I'm not exactly an expert on the subject, but I can recommend a couple of things that may be helpful from my experience:

1) - Hard light is your friend. Let the shadows be crisp, and yes, shadows occur in nature. Single source (or really good divided lights) broken up with some sort of non-discernable pattern - and fill, that's for the other guys. Let the Kodak decide how much fill there is.

2) - Shadows spark the imagination. Let the talent play into the dark...the viewer's mind will fill in the blanks with their personal worst fears. Shadows envoke a personalized experience when used correctly.

3) - Make something look "good". Some of the film has to look "normal" to standardize the experience, and so the viewer can tell when everything goes to hell. Soft lights, soft tones.

4) - Use soft sources at first, harder lights as the action builds to a climax, and break some rules when it does. Build the story visually, from a friendly look (soft) to a most disconcerting look (really hard) when all hell breaks loose. If you have diffusion on a light, or if there is a light within 25 degrees behind the camera when you are shooting your climax, there may be something out of place.

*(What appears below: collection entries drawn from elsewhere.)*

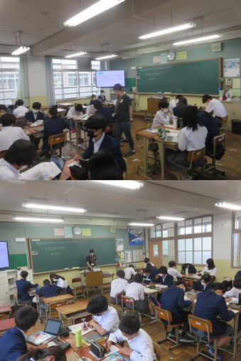 3年8組の保健体育は、環境への適応能力について、気温など外界の環境に変化が起きた時に、体に変化が起こる仕組みについて説明できるように考え、グループの仲間の意見を聴き、まとめました。
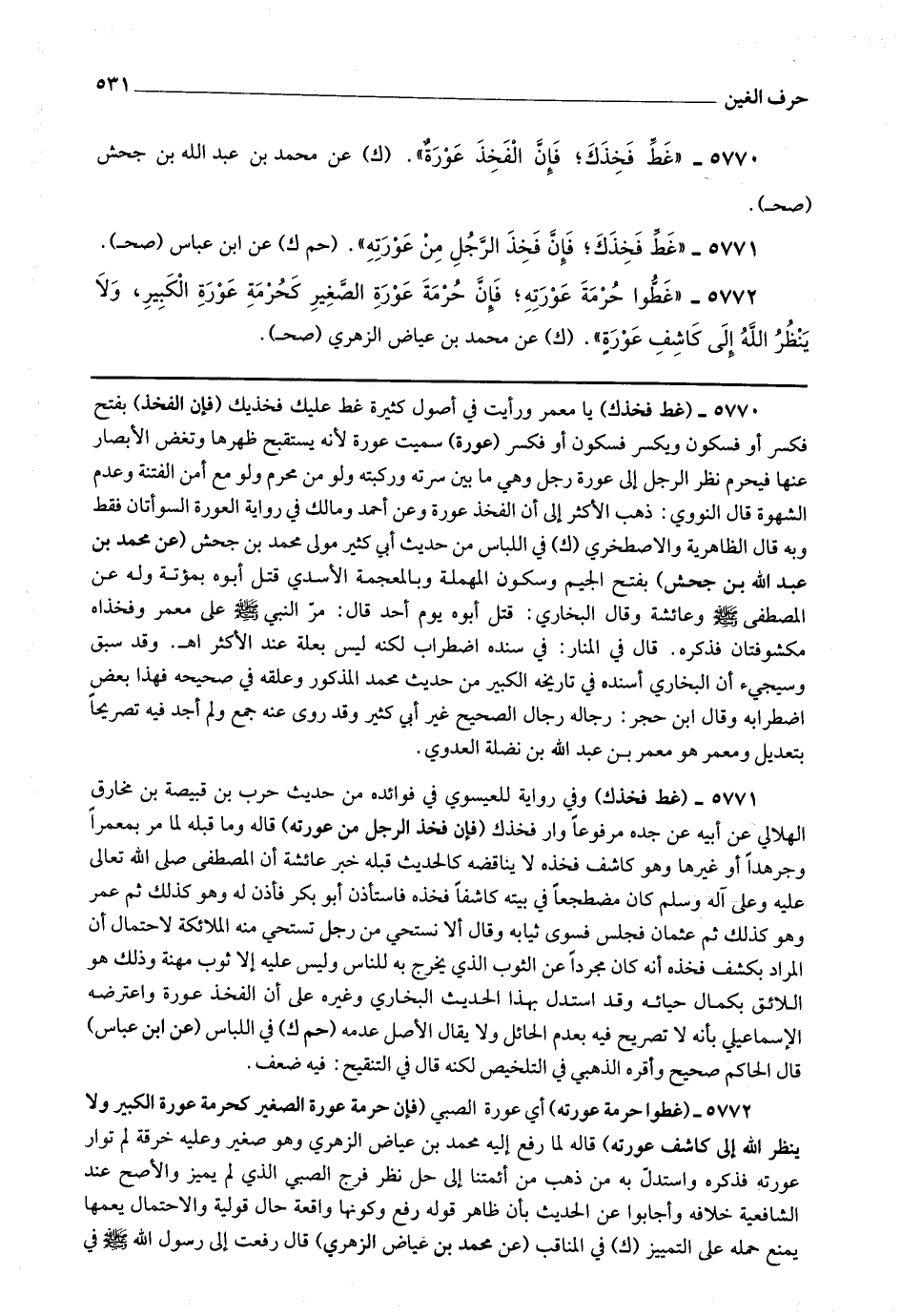 5770 - (غط فخذك) يا معمر ورأيت في أصول كثيرة غط عليك فخذيك (فإن الفخذ) بفتح فكسر أو فسكون ويكسر فسكون أو فكسر (عورة) سميت عورة لأنه يستقبح ظهرها وتغض الأبصار عنها فيحرم نظر الرجل إلى عورة رجل وهي ما بين سرته وركبته ولو من محرم ولو مع أمن الفتنة وعدم الشهوة قال النووي : ذهب الأكثر إلى أن الفخذ عورة وعن أحمد ومالك في رواية العورة السوأتان فقط
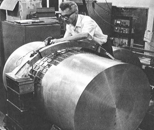 A simple device to detect the expected wave motion is called a Weber bar – a large, solid bar of metal isolated from outside vibrations. This type of instrument was the first type of gravitational-wave detector. Strains in space due to an incident gravitational wave excite the bar’s resonant frequency and could thus be amplified to detectable levels. Conceivably, a nearby supernova might be strong enough to be seen without resonant amplification. Modern forms of the Weber bar are still operated, cryogenically cooled, with superconducting quantum interference devices to detect vibration (see for example, ALLEGRO). Weber bars are not sensitive enough to detect anything but extremely powerful gravitational waves.[1]
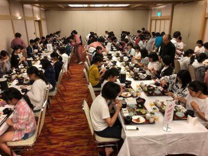 宿舎に到着して、お楽しみの夕食です。たくさん歩いたので、おかわりに多くの生徒が来ていました。
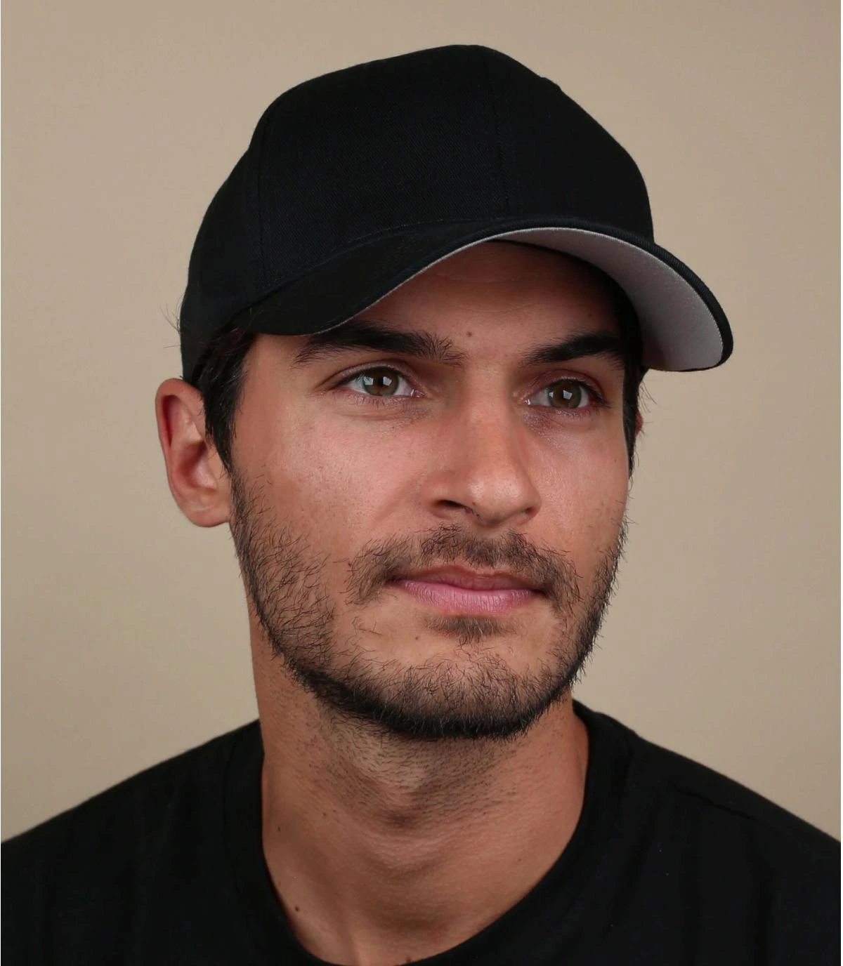 Casquette visière courbée noire. Dessous de visière gris. Sangle de réglage à l’arrière. Tour de tête 55-60 cm.

5) - If you are filming a dark scene during the day, take the light away. Negative fill is a term used for taking the daylight fill away from the talent on the non-sun side and some of the top. It can make for a very spooky look even in cloudy conditions when done right. Make everything on the "fill" side of the frame as black as possible, and play the stop a little hot to the key. Make sure to take out some of the top light from the atmosphere bounce.

Just my opinion, I could be wrong.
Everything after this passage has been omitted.